How to find sum of digits of very large number?

ALCATRAZ1 - SUM OF DIGITS

think of the addition problems that you have done in your primary classes.

take input of numbers as strings and you try you’ll get it

**C++**

The limit of long long int is ~10^19. If you number is bigger than that, take the input as a string, add individual characters.

**Python :**

You have no limit on length of integer.

**Java**

Use BigInteger

@rashedcs You can use either Big integer(for using big integers in c++ you can use boost library) or can take input in string and then perform addition.

Implementation using C++ boost library (**link**) and using char array to store the number **(link)**.

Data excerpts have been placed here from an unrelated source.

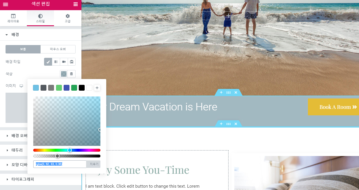 배경색에 투명도를 부여하려면 섹션 편집 창에서 스타일로 이동하여 배경 아래의 색상을 클릭한 다음 투명도를 지정하면 됩니다.
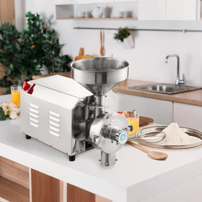 Premium Stainless Steel: This commercial corn grinder mill adopts premium stainless steel material with a smooth surface, avoiding powder accumulation on the inside wall. The structure features good corrosion and rust prevention. It is easy to clean for long service life. This electric grain mill grinder fits your kitchen perfectly with its attractive appearance. It is used for dry grain, not for wet and oily grain.
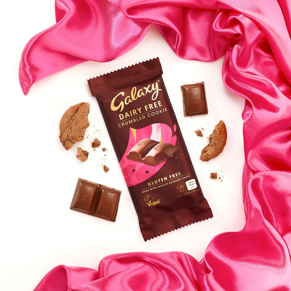 Indulge in the rich, creamy taste of GALAXY Dairy Free Chocolate Bar with Crumbled Cookie, a delicious vegan treat that combines smooth cocoa with creamy hazelnut paste and crunchy cookie pieces. Experience the luxurious texture of milk chocolate without dairy — perfect for vegans and those with dairy sensitivities.
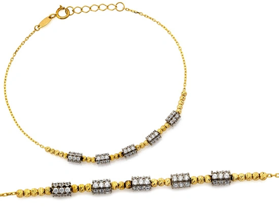 Bransoletka złota z diamentowanymi kulkami i cyrkoniami
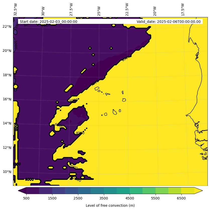 - Level of free convection (m)
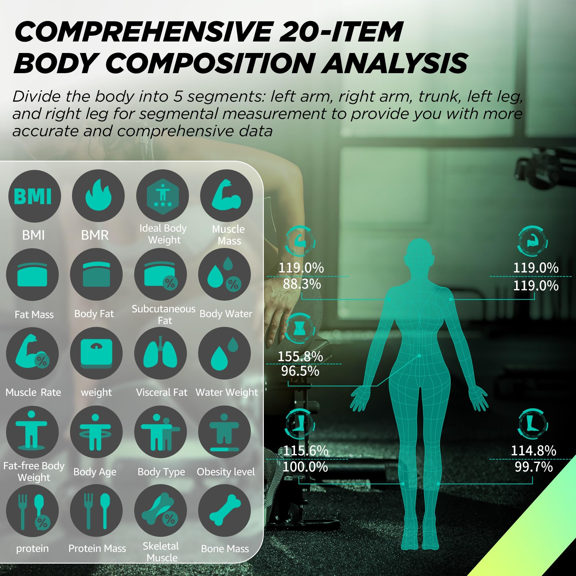 More Accurate Data: This eight-electrode scale for body weight acquires and analyzes real body composition data by directly measuring your limbs and torso, which is more accurate than traditional body weight scale.
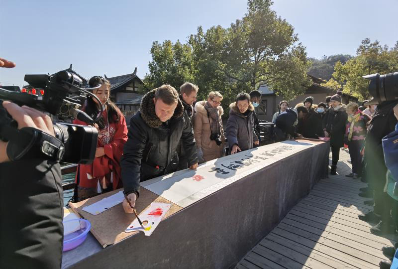 The author travels to Lanting or the Orchid Pavilion with his international friends and introduces stories of Chinese calligraphy behind the place on December 4, 2020
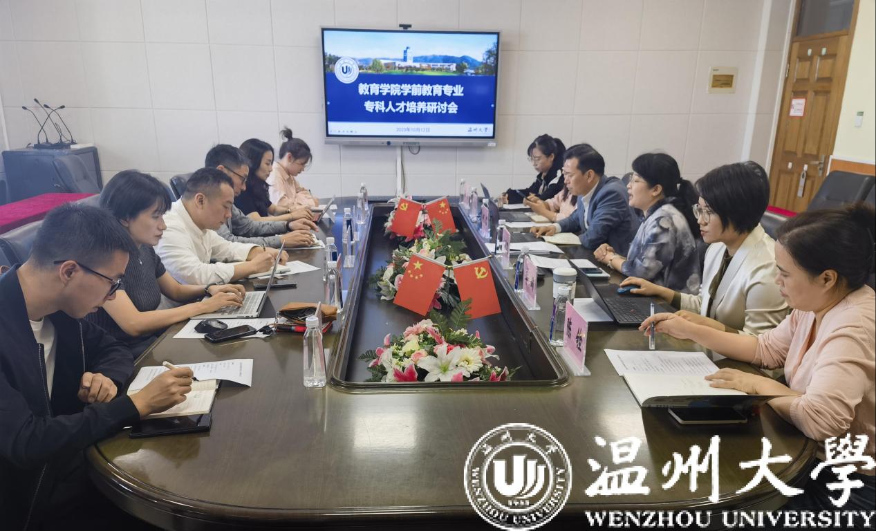 2023年10月12日上午,p站视频 学前教育专业专科人才培养研讨会在p站视频 410会议室召开。本次会议围绕“协同育人 合作共赢”主题,研讨学前专科人才培养新路径。p站视频 党委书记何毅、副院长林琛琛、副书记章园园、学前系主任李娟、副主任陈铿、教学科副科长陈楠、温州市中等幼儿师范学校校长蒋高烈、副校长徐康康、办公室主任戴若琪、实训处主任朱芬、教务处副主任谷晓辉、实训处干事陈章悦等参加本次研讨会。林琛琛主持会议。
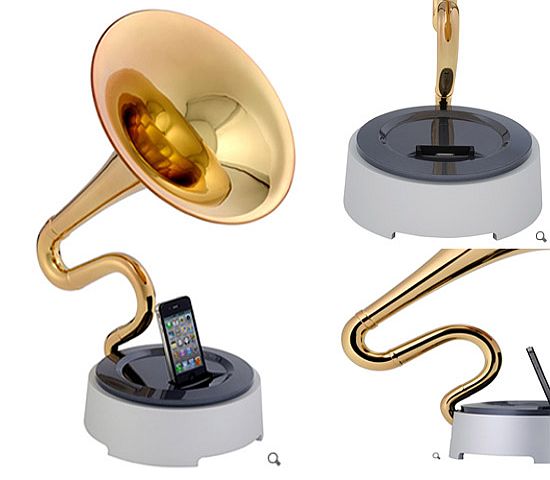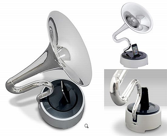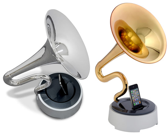 Trumstand horn-shaped iPhone speaker dock with gold and silver plating
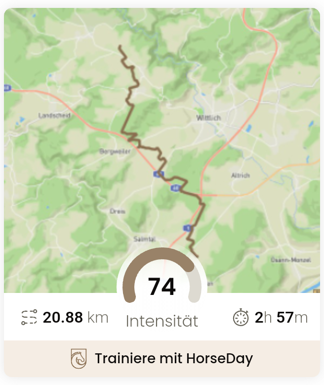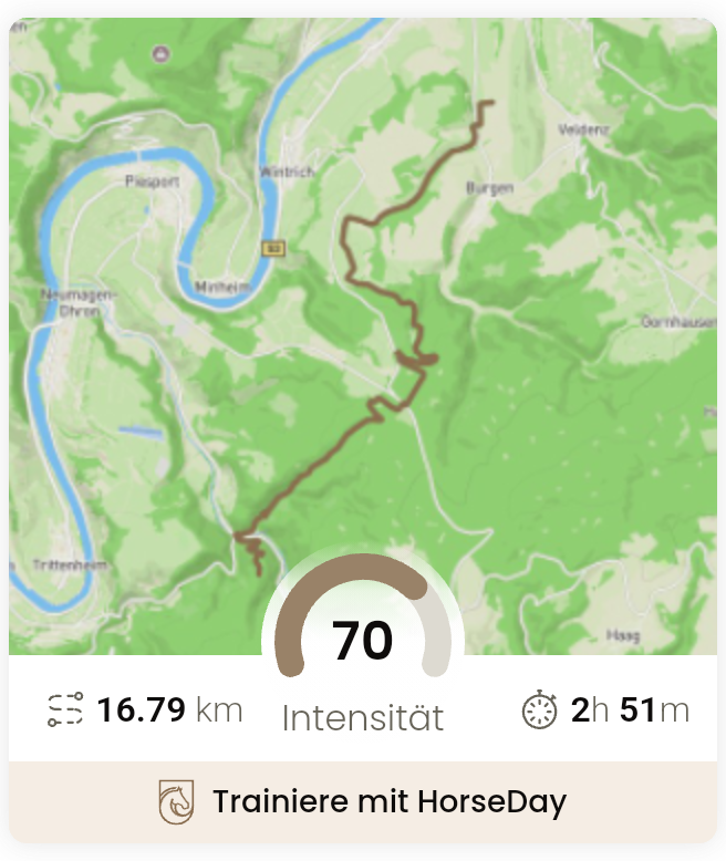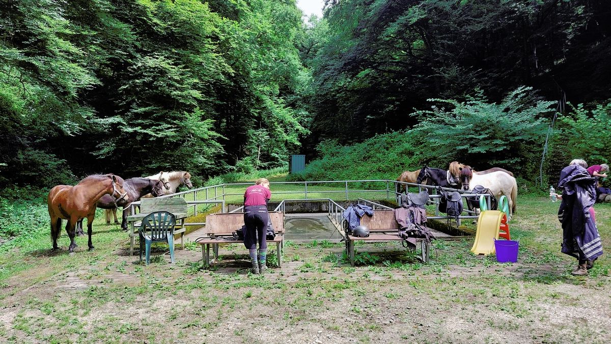 Am 05.07. (Tag 12) ging es vom Minderlittgen über Felder und durch Wälder bis nach Klausen. Insgesamt wurden 20,88 km in knapp 3 Stunden geritten. Am Tag danach (Etappe 13) wurde dann der Stafettenstab von Marion Heindorf (Landesverband Rheinland) an Dagmar Schäfer (Landesverband Rheinland-Pfalz-Saarland) übergeben. Dagmar Schäfer wird nun für die nächsten 12 Etappen die Rittführung übernehmen. Die Etappe 14 ging von der Mosel in Richtung Hunsrück und erforderte gute Kondition. Insgesamt wurden 16,79 km zurückgelegt.
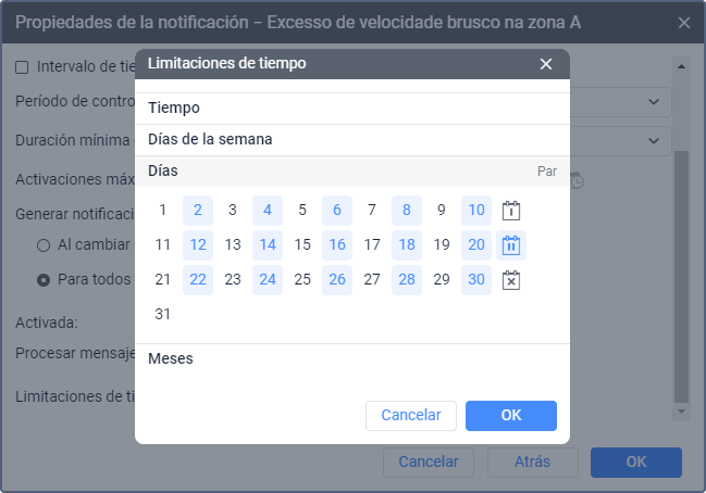 Limitaciones de tiempo | Opción que permite indicar las horas y escoger los días y/o meses durante los cuales deben controlarse los parámetros de la notificación. Por ejemplo, los parámetros pueden controlarse solo los días laborales durante las horas de trabajo o solo los días impares, etc. Lea cómo establecer limitaciones de tiempo a continuación. Si el estado de alarma comienza el día o en el intervalo indicado y su duración máxima se excede, la notificación llega incluso si el estado de alarma acaba en el momento en que los parámetros de la notificación no deben controlarse. |

if size is 10^50 the how to solve this…

if you have to find the sum of n natural digits then simply the formula n*(n+1)/2 is applicable.

Use Big Integer in Java or take the input number as strings and perform addition of individual strings.

USE LONG INT OR LONG FLOATING POINTS in C++

@rashedcs I have added the implementation of both approaches, you can check them to solve the question.

If size is 10^50…then???

C++ users use String to store the digits … then traversal of string is equivalent to traversal of each digit…

Try this problem to get the hold of it:

You can store the number in a string and calculate the sum of digits by reading one character at a time.

string s;

cin>>s;

long long x=0;

for(int i=0;i<s.length();i++)

x+=(int)s[i]-‘0’;

cout<<x;

in string you can store 10^64-1 digits